### PROVIDED DATA:
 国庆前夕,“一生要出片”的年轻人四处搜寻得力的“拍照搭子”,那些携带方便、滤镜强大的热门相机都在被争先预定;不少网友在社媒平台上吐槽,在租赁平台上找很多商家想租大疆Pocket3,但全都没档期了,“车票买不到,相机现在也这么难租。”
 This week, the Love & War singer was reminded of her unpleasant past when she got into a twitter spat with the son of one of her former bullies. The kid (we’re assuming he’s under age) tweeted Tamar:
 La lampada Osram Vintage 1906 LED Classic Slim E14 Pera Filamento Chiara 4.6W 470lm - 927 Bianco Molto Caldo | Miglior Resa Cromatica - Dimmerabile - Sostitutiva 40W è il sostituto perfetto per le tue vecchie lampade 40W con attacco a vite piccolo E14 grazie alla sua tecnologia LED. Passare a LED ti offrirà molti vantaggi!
* * *
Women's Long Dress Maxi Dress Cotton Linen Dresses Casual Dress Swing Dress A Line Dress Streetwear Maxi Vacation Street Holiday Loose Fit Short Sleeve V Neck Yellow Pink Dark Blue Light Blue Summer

### EXERCISE AIM:
Reproduce the lines above, beginning at the line with "This week, the" and stopping after the line with "La lampada Osram", exactly as they are.

### RESULT:
 This week, the Love & War singer was reminded of her unpleasant past when she got into a twitter spat with the son of one of her former bullies. The kid (we’re assuming he’s under age) tweeted Tamar:
 La lampada Osram Vintage 1906 LED Classic Slim E14 Pera Filamento Chiara 4.6W 470lm - 927 Bianco Molto Caldo | Miglior Resa Cromatica - Dimmerabile - Sostitutiva 40W è il sostituto perfetto per le tue vecchie lampade 40W con attacco a vite piccolo E14 grazie alla sua tecnologia LED. Passare a LED ti offrirà molti vantaggi!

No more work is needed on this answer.